Solved – Normalized correlation with a constant vector

correlationcross correlation

I am confused how to interpret the result of performing a normalized correlation with a constant vector. Since you have to divide by the standard deviation of both vectors (reference: http://en.wikipedia.org/wiki/Cross-correlation ), if one of them is constant (say a vector of all 5's, which has standard deviation of zero), then the correlation is infinity, but in fact the correlation should be zero right? This isn't just a corner case, in general if the standard deviation of one of the vectors is small, the correlation to any other vector is very high, which obviously doesn't make sense. Can anyone explain my misinterpretation?

Best Answer

Let $\boldsymbol{x}$ and $\boldsymbol{y}$ be your two vectors and let $\boldsymbol{\bar{x}} \equiv \bar{x} \boldsymbol{1}$ and $\boldsymbol{\bar{y}} \equiv \bar{y} \boldsymbol{1}$ be constant vectors for the means of the two original vectors. The components of the sample correlation are:

$$\begin{matrix} s_{x,y}^2 = \frac{1}{n-1} (\boldsymbol{x} - \boldsymbol{\bar{x}}) \cdot (\boldsymbol{y} - \boldsymbol{\bar{y}}) & & s_x = \frac{1}{n-1} ||\boldsymbol{x} - \boldsymbol{\bar{x}}|| & & s_y = \frac{1}{n-1} ||\boldsymbol{y} - \boldsymbol{\bar{y}}||. \end{matrix}$$

The sample correlation between $\boldsymbol{x}$ and $\boldsymbol{y}$ is just the cosine of the angle between the vectors $\boldsymbol{x} - \boldsymbol{\bar{x}}$ and $\boldsymbol{y} - \boldsymbol{\bar{y}}$. Letting this angle be $\theta$ we have:

$$\rho_{x,y} = \frac{(\boldsymbol{x} - \boldsymbol{\bar{x}}) \cdot (\boldsymbol{y} - \boldsymbol{\bar{y}})}{||\boldsymbol{x} - \boldsymbol{\bar{x}}|| \cdot ||\boldsymbol{y} - \boldsymbol{\bar{y}}||} = \cos \theta.$$

Since scaling of either vector scales the covariance and standard deviation equivalently, this means that correlation is unaffected by scale. It is not correct to say that a low standard deviation gives a high correlation. What matters for correlation is the angle between the vectors, not their lengths.
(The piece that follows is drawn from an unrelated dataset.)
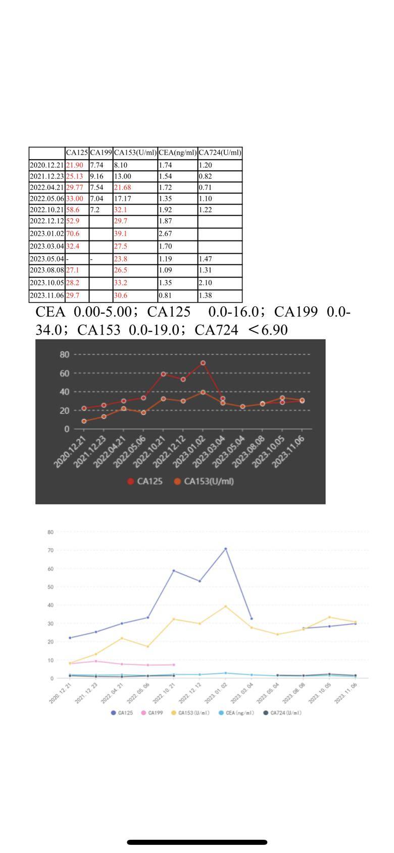 我们是2022.10肿瘤进展,有单发骨转变成多发,治疗方案调整为:氟维丝群+阿贝西利+地舒单抗。吃了2个月出现严重腹泻及感染了新冠,白细胞下降,停用了半个月的阿贝西利,1月份复查CA125及CA153再次升高,后来医生建议继续服用,暂不调整方案,后来指标下降了,但是回顾这一年肿瘤指标,一直处于偏高状态,各位友友们,有类似情况嘛,不知道这是正常的还是说药物控制欠佳,肿瘤处于有活性状态,或者说慢性进展,一直感到不安。

In the special case where $\boldsymbol{y} \propto \boldsymbol{1}$ (i.e., $\boldsymbol{y}$ is a constant vector) you have $\boldsymbol{y} - \boldsymbol{\bar{y}} = \boldsymbol{0}$ which then gives $s_{x,y}^2 = 0$ and $s_{y} = 0$. In this case the correlation is undefined. Geometrically this occurs because there is no defined angle with the zero vector.